Explainer models generate natural language descriptions of features from Llama-3.1-8B. We train on SAE features and their descriptions, then evaluate on held-out SAE features, full activations, and activation differences.

📥 Data & Checkpoints

Links to datasets and pre-trained checkpoints from the paper are available below.

Datasets:

SAE features + Neuronpedia explanations (training + in-distribution eval)
Full activations on FineWeb (OOD eval)
Activation differences on FineWeb (OOD eval)

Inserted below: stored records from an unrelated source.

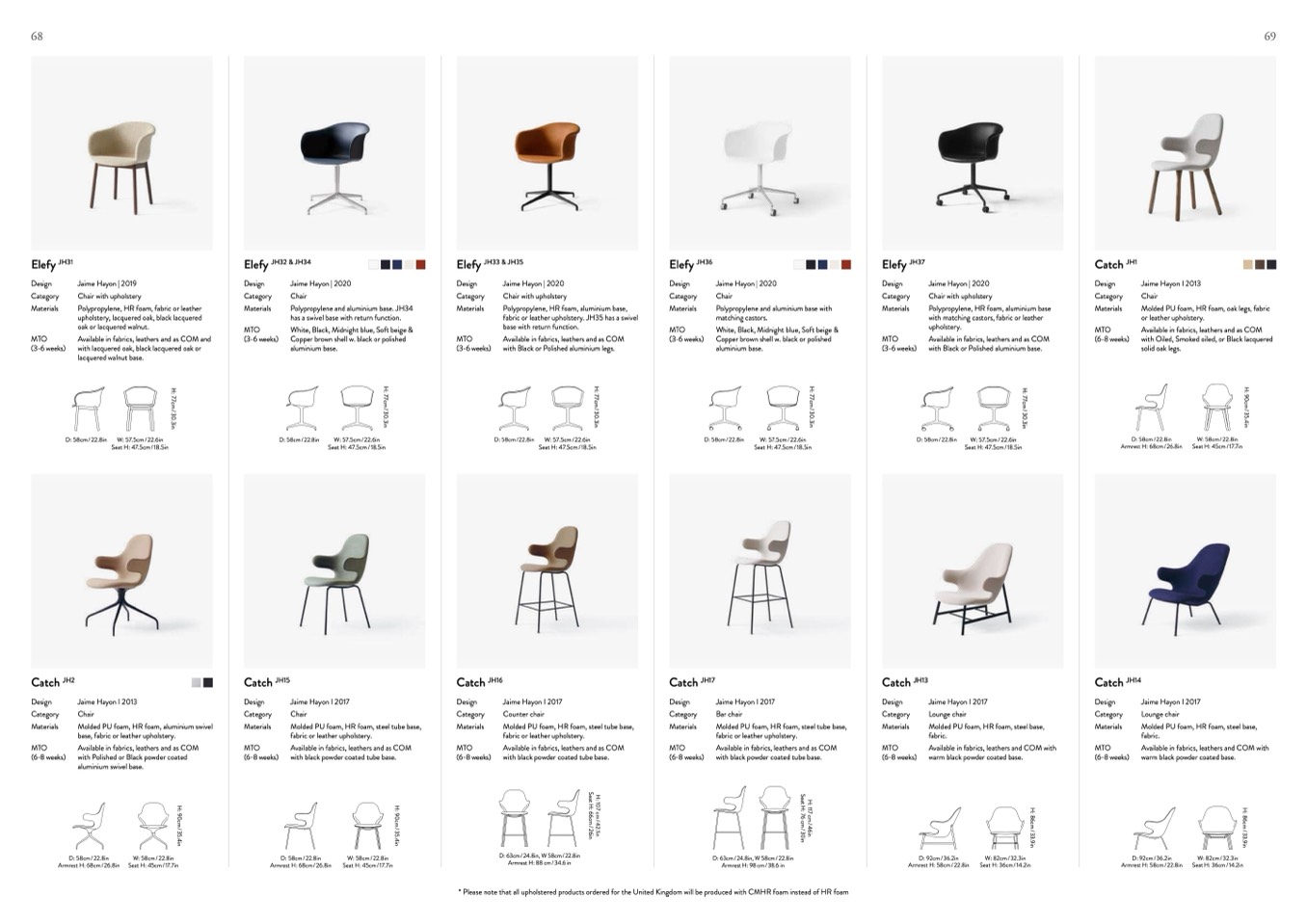 * Please note that all upholstered products ordered for the United Kingdom will be produced with CMHR foam instead of HR foam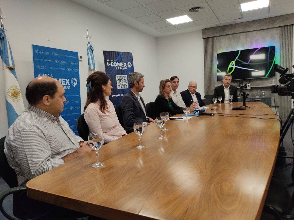 Participaron de la conferencia el director de la Agencia I-COMEX La Pampa, Sebastián Lastiri, la decana de la Facultad de Agronomía, María Lía Molas, el director de Comercio y Competitividad en Ministerio de la Producción, Nicoló Cavallaro, la gerenta de Comercio Exterior de I-COMEX, Eugenia Paturlanne, Carlos Gaccio y Jorge Fabressi en representación del Banco de La Pampa y Juan Francisco Romano en nombre de Asociación Agrícola Ganadera de La Pampa.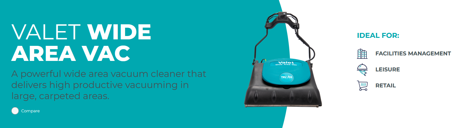 The Valet Wide Area Vac is a powerful, high-performance vacuum cleaner designed to maximise productivity in large, carpeted environments. Built for efficiency and reliability, it delivers outstanding cleaning results across offices, hotels, airports, conference centres, and other high-traffic areas.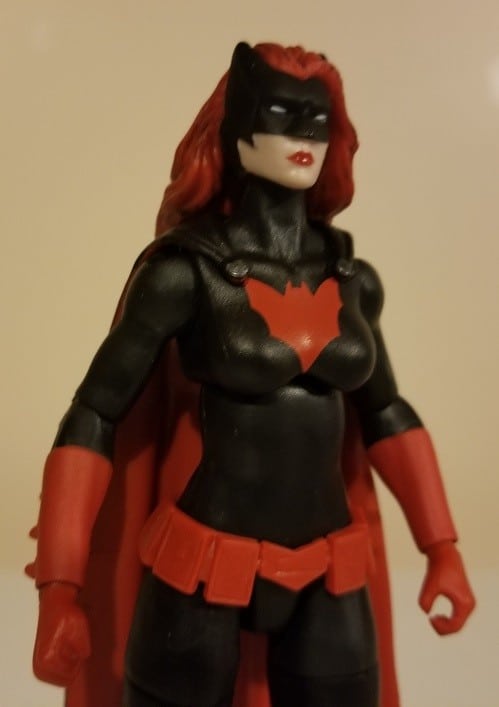 Batwoman and Green Lantern Jessica Cruz came from the spring/summer 2018 Clayface C&C series, and that’s a great set overall. With that one, DCM went all in on Rebirth. I vastly prefer those to the TV and film figures; in fact, I think that the overabundance of TV, Justice League film, and Dark Knight Returns figures really hurt the line. Some of those figures continue to hang in stores. While the face on Jessica Cruz isn’t the greatest, I’m simply delighted the figure exists at all. I took a picture of the back to show that the costume detail continued on both sides, which is great. The power battery is well-done, the power effects are okay, and it’s generally an agreeable figure. Batwoman is the superior of the two; the extra head is great, but the mask is particularly well-sculpted. It’s kind of shock to consider how few Kate Kane figures there have actually been between DC Direct/Collectibles and Mattel, so we should be glad that we got this one.
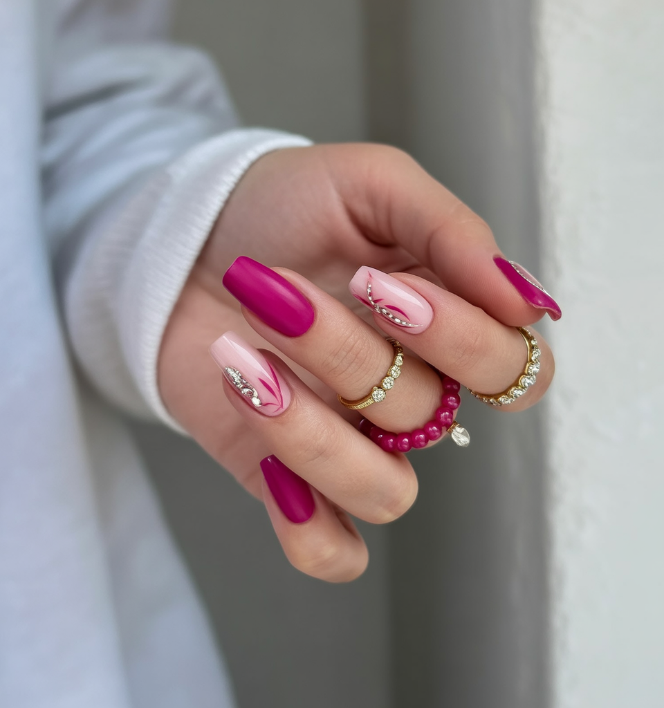 9. Matte & Gloss Pink Square Mix with Crystal Art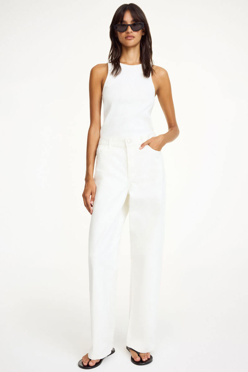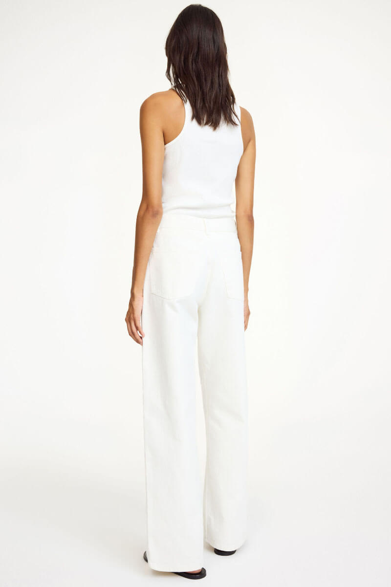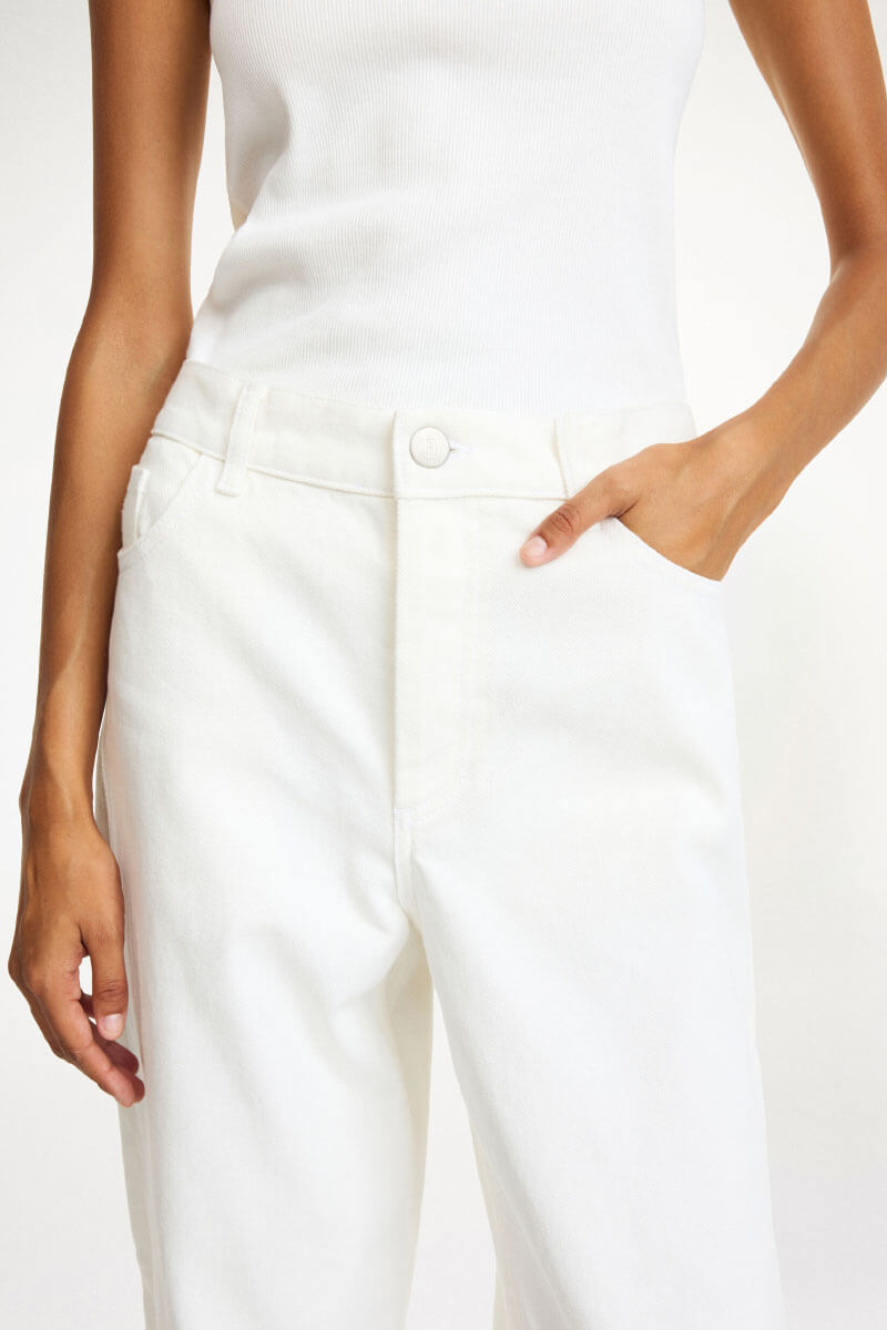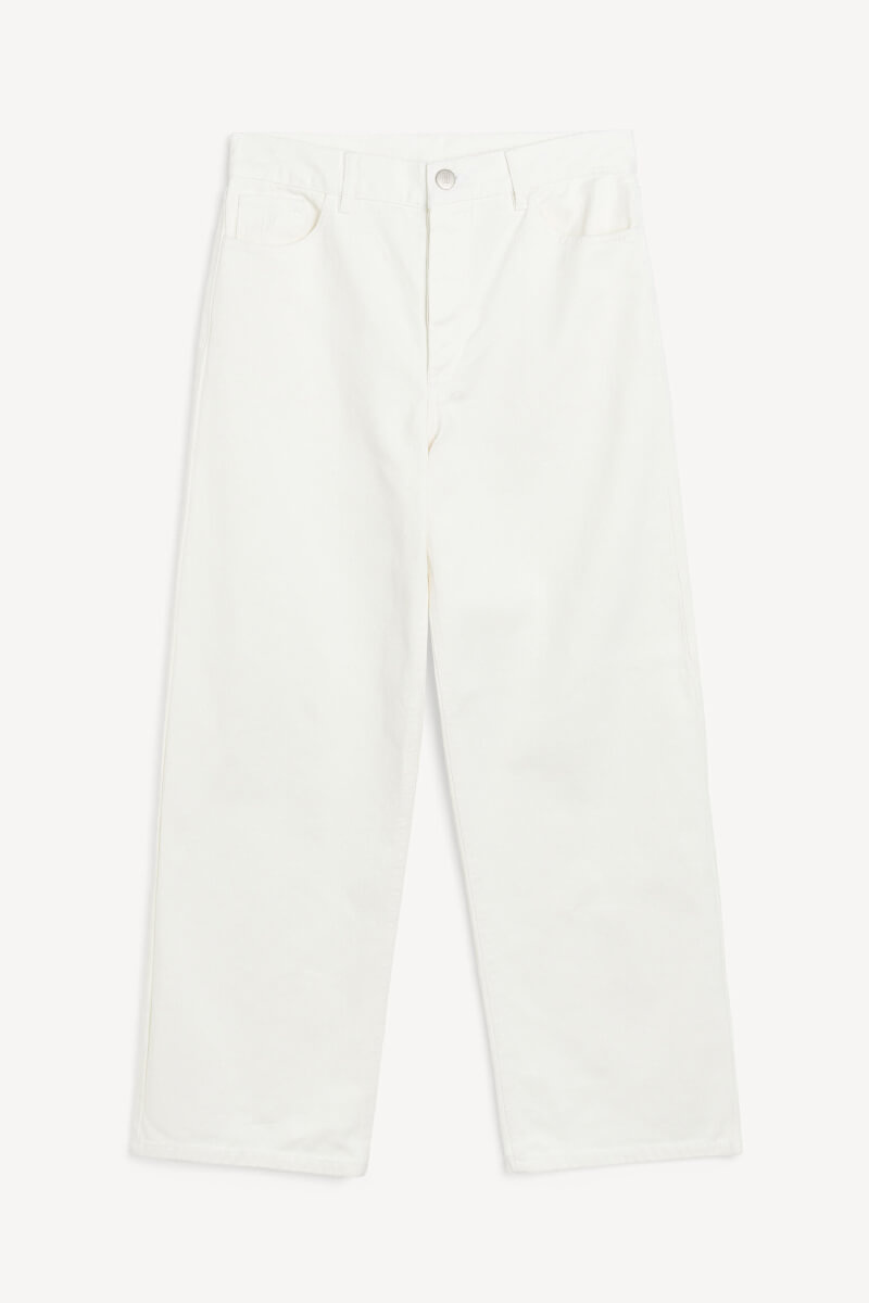 White jeans with a relaxed silhouette and subtle flare at the hem - perfect for a fresh and modern style. Wear them with a knitted sweater for a light spring look, or add jewelry and sandals for a summer evening. A timeless favorite that goes with everything.Jeans in organic cotton with slightly wide legs, medium waist, button closure at the front and loose fit from By Malene Birger.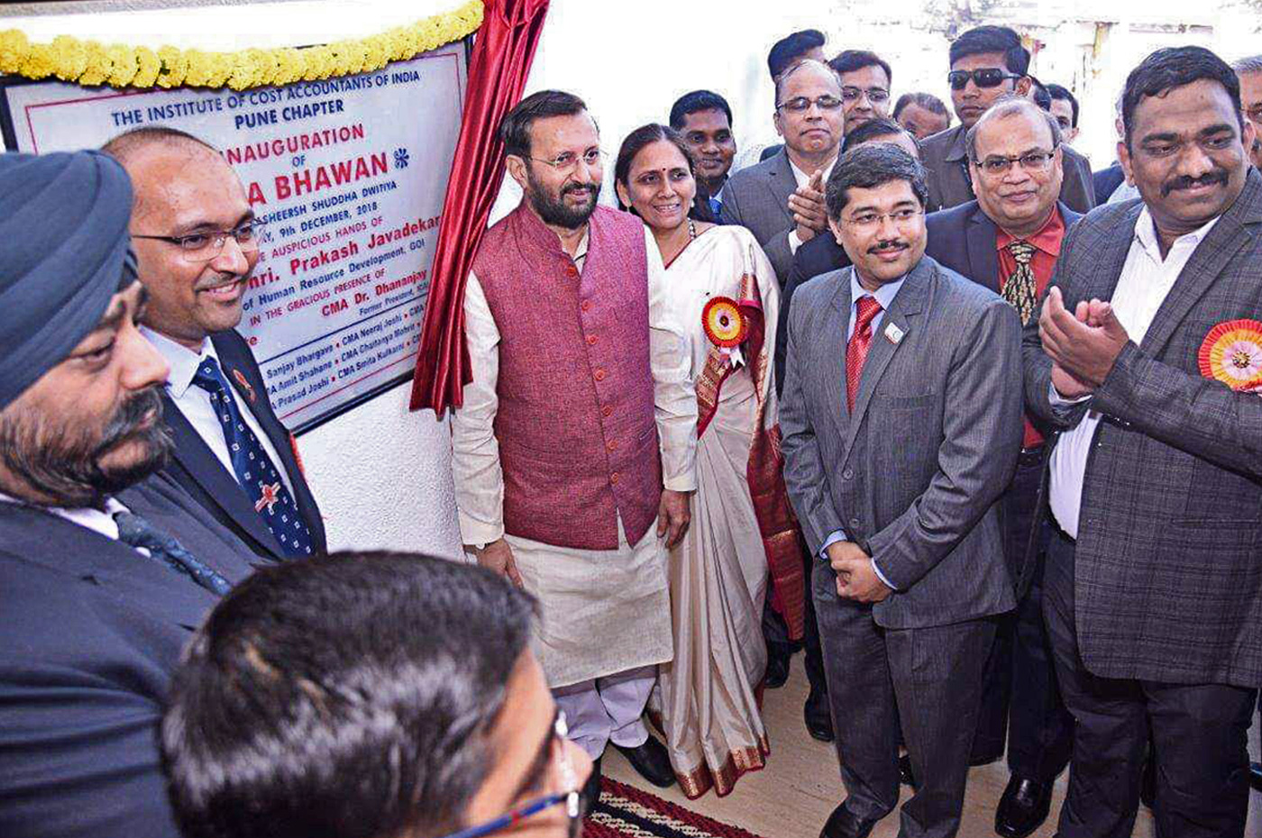 CMA Neeraj Joshi and CMA Meena Vaidya - Partners of our firm with Shri Prakash Jawadekar, Minister of Human Resource Development of GOI at the inauguration of CMA Bhavan, Pune on 9th December 2018
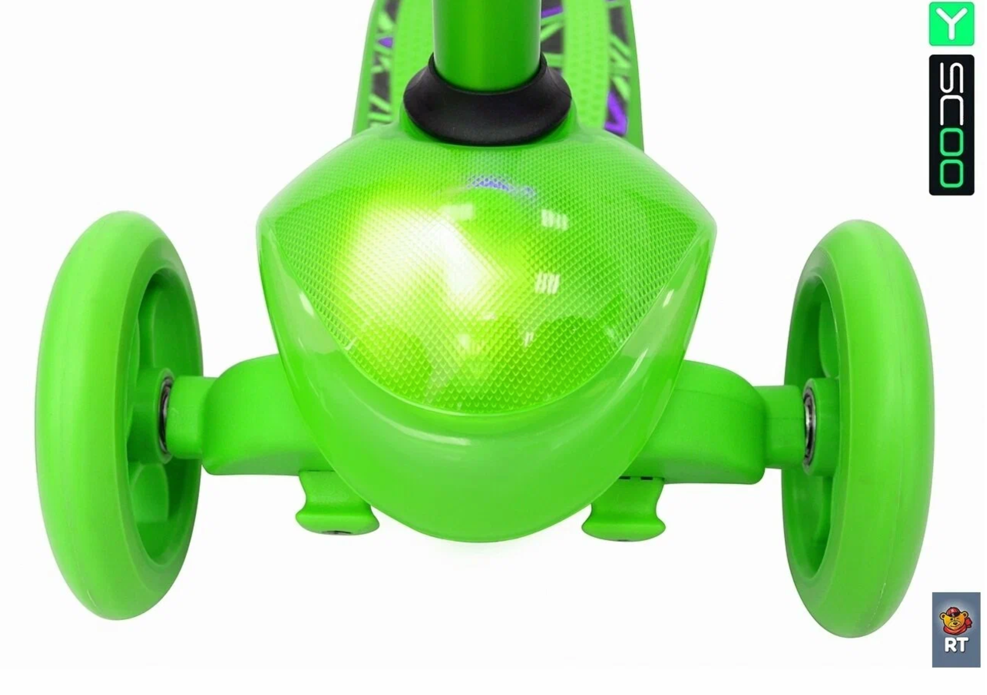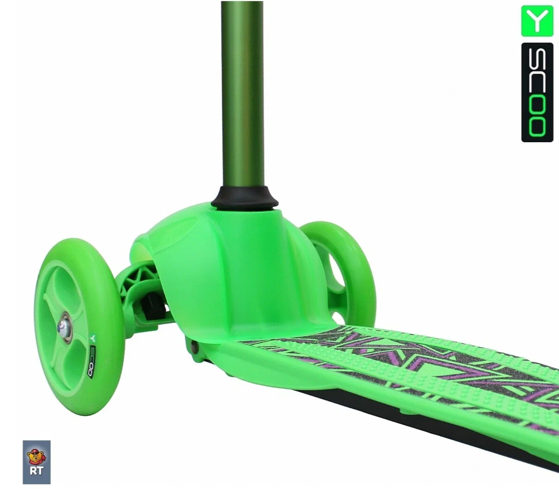 Купить Самокат 3-х кол. Y-SCOO RT TRIO DIAMOND 120 Kaleidoscope светящаяся платформа green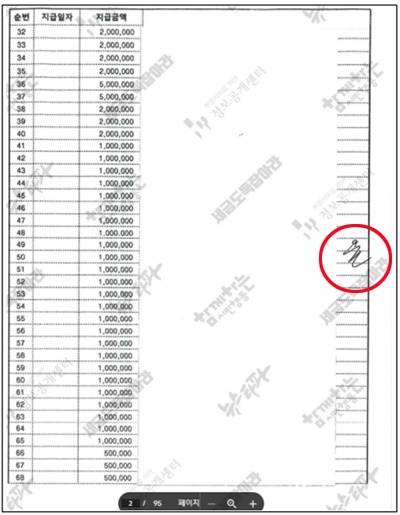 | ▲ 2018년 2월 12일자 서울중앙지검 특수활동비 지출내역기록부, 윤석열 당시 중앙지검장이 “윤”이라고 서명한 것이 오른쪽에 보인다. |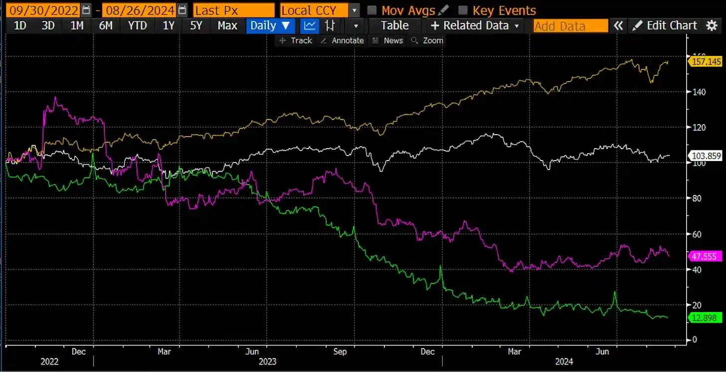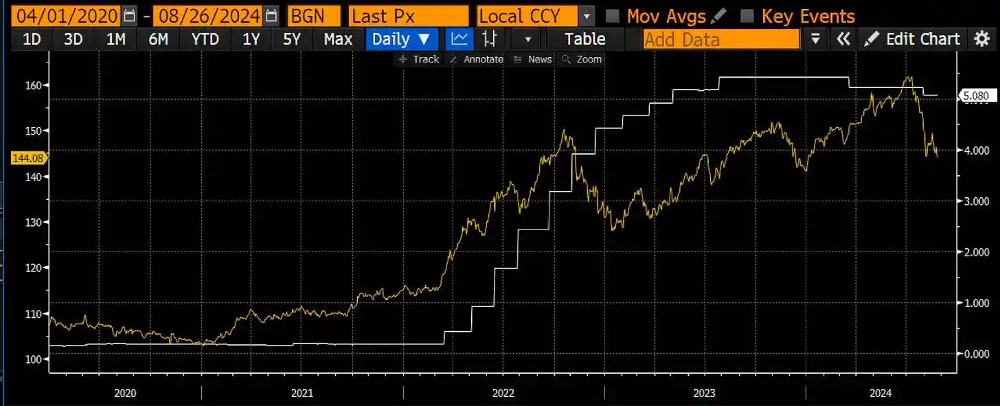 上面的图表显示了美元/日元汇率(黄色)与美元-日元利率差(白色)的对比。利率差是美联储有效基金利率减去日本银行的隔夜存款利率。当美元/日元上升时,日元贬值,美元升值;当其下降时,情况正好相反。在美联储于 2022 年 3 月开始收紧货币政策时,日元大幅贬值。今年 7 月,日元贬值达到了历史最高,当时利率差达到了最宽。

You must first download the data locally using:

cd /PATH/TO/DATA/DIR/

# Download and extract SAE features
wget https://transluce-public.s3.us-east-1.amazonaws.com/introspective-interp/SAE_feature_explanations_llama3.1_8b.tar.gz
tar -xzvf SAE_feature_explanations_llama3.1_8b.tar.gz

# Download OOD evaluation data: full activations
wget https://transluce-public.s3.us-east-1.amazonaws.com/introspective-interp/fineweb_llama_3.1_8b_95seqlen_fineweb_acts_grads_-1.0.tar.gz
tar -xzvf fineweb_llama_3.1_8b_95seqlen_fineweb_acts_grads_-1.0.tar.gz

# Download OOD evaluation data: activation differences
wget https://transluce-public.s3.us-east-1.amazonaws.com/introspective-interp/fineweb_llama_3.1_8b_95seqlen_counterfact_subsampled_2000_activation_difference.tar.gz
tar -xzvf fineweb_llama_3.1_8b_95seqlen_counterfact_subsampled_2000_activation_difference.tar.gz

Pre-trained Models (available on HuggingFace):

Transluce/features_explain_llama3.1_8b_llama3.1_8b - Llama-3.1-8B explains Llama-3.1-8B
Transluce/features_explain_llama3.1_8b_llama3.1_8b_instruct - Llama-3.1-8B-Instruct explains Llama-3.1-8B
Transluce/features_explain_llama3.1_8b_llama3_8b - Llama-3-8B explains Llama-3.1-8B
Transluce/features_explain_llama3.1_8b_simulator - Simulator model: used to score candidate natural-language explanations of features of Llama-3.1-8B. Predicts where the described feature should activate in the sequence, which can then be compared to a target feature's true activations, enabling scoring of the explanations by computing correlation (the "simulator score").

🏋️ Training

Config File Setup: We specify all training parameters (models, data paths, hyperparameters) in YAML config files.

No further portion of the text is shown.